* DATASET SECTION *
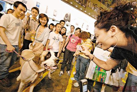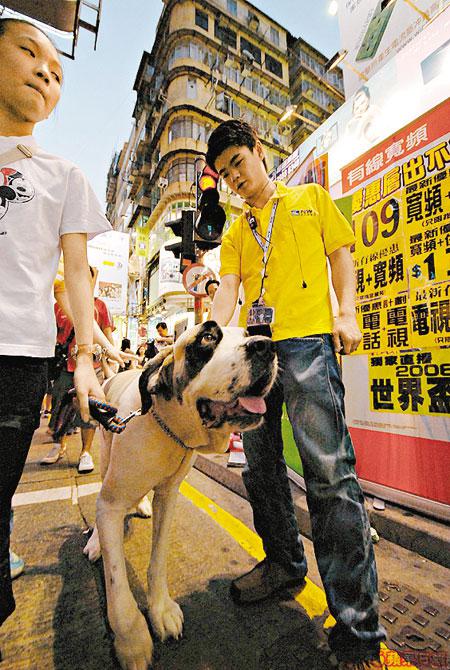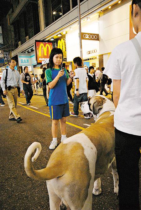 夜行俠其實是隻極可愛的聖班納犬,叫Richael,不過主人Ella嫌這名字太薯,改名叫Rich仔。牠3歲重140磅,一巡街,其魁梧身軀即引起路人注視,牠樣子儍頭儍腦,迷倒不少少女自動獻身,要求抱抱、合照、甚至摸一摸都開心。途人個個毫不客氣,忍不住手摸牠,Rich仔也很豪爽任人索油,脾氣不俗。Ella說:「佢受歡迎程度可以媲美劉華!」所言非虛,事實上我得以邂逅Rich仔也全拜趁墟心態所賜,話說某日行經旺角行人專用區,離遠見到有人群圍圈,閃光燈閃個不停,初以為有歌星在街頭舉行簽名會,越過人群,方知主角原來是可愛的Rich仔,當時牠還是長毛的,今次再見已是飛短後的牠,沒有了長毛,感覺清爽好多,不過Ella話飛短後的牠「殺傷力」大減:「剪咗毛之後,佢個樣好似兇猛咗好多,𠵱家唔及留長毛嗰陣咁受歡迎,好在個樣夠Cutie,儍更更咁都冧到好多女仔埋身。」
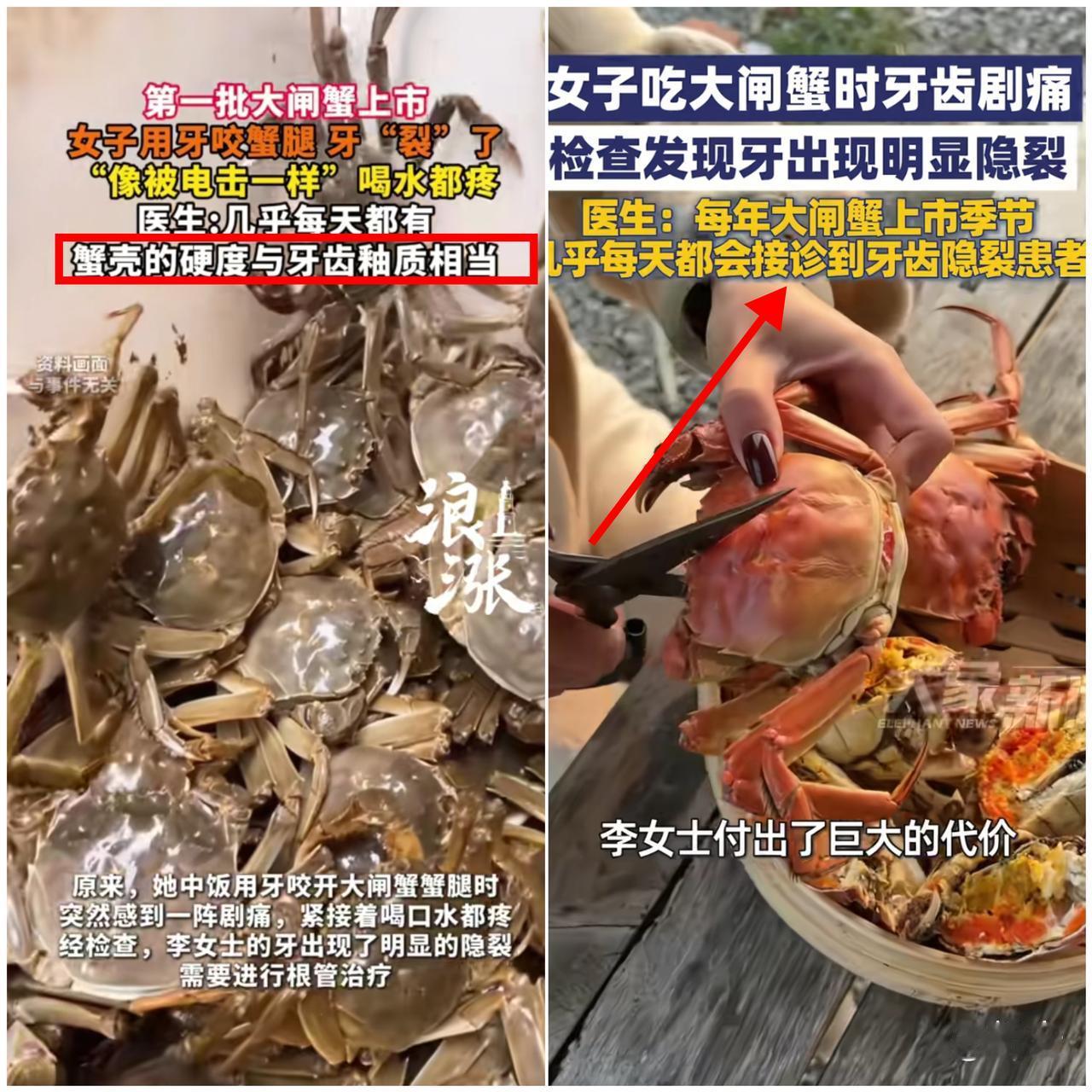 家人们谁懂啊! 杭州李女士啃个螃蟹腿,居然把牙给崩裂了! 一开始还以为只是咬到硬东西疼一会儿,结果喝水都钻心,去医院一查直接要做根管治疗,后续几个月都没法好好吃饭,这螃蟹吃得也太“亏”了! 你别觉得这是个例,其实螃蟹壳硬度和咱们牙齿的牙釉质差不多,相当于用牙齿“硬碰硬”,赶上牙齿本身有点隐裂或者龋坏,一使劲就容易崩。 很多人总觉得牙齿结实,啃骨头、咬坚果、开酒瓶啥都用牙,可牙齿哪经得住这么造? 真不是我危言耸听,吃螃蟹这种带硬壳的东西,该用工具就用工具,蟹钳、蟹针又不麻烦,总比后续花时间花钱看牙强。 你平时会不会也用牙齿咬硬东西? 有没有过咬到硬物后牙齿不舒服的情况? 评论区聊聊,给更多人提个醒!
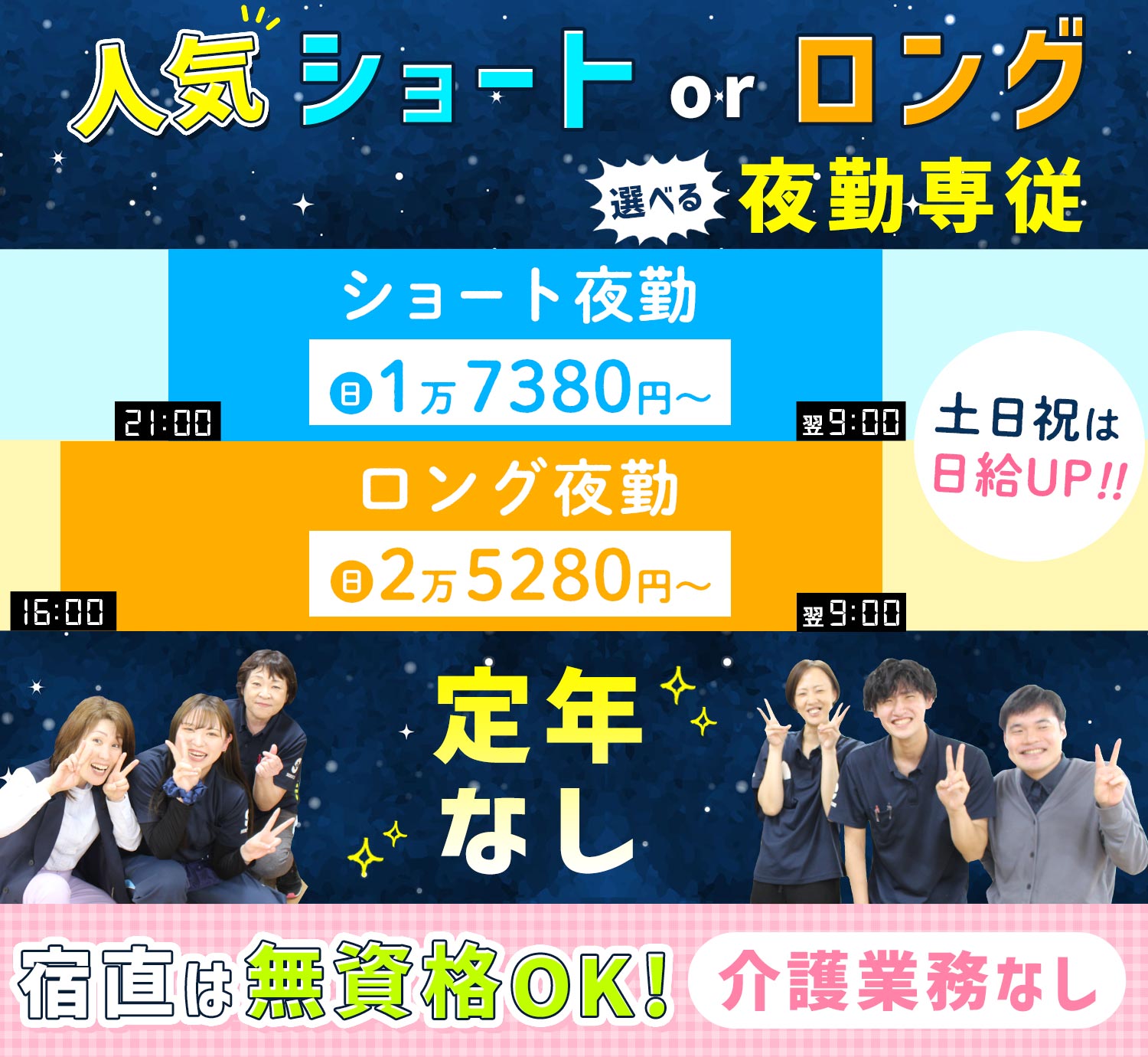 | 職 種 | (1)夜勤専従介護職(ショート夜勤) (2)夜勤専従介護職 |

* WORK ITEM *
Take every line of the material and copy it exactly, leaving out the pictures.

* RESPONSE TO THIS EXERCISE *
 夜行俠其實是隻極可愛的聖班納犬,叫Richael,不過主人Ella嫌這名字太薯,改名叫Rich仔。牠3歲重140磅,一巡街,其魁梧身軀即引起路人注視,牠樣子儍頭儍腦,迷倒不少少女自動獻身,要求抱抱、合照、甚至摸一摸都開心。途人個個毫不客氣,忍不住手摸牠,Rich仔也很豪爽任人索油,脾氣不俗。Ella說:「佢受歡迎程度可以媲美劉華!」所言非虛,事實上我得以邂逅Rich仔也全拜趁墟心態所賜,話說某日行經旺角行人專用區,離遠見到有人群圍圈,閃光燈閃個不停,初以為有歌星在街頭舉行簽名會,越過人群,方知主角原來是可愛的Rich仔,當時牠還是長毛的,今次再見已是飛短後的牠,沒有了長毛,感覺清爽好多,不過Ella話飛短後的牠「殺傷力」大減:「剪咗毛之後,佢個樣好似兇猛咗好多,𠵱家唔及留長毛嗰陣咁受歡迎,好在個樣夠Cutie,儍更更咁都冧到好多女仔埋身。」
 家人们谁懂啊! 杭州李女士啃个螃蟹腿,居然把牙给崩裂了! 一开始还以为只是咬到硬东西疼一会儿,结果喝水都钻心,去医院一查直接要做根管治疗,后续几个月都没法好好吃饭,这螃蟹吃得也太“亏”了! 你别觉得这是个例,其实螃蟹壳硬度和咱们牙齿的牙釉质差不多,相当于用牙齿“硬碰硬”,赶上牙齿本身有点隐裂或者龋坏,一使劲就容易崩。 很多人总觉得牙齿结实,啃骨头、咬坚果、开酒瓶啥都用牙,可牙齿哪经得住这么造? 真不是我危言耸听,吃螃蟹这种带硬壳的东西,该用工具就用工具,蟹钳、蟹针又不麻烦,总比后续花时间花钱看牙强。 你平时会不会也用牙齿咬硬东西? 有没有过咬到硬物后牙齿不舒服的情况? 评论区聊聊,给更多人提个醒!
 | 職 種 | (1)夜勤専従介護職(ショート夜勤) (2)夜勤専従介護職 |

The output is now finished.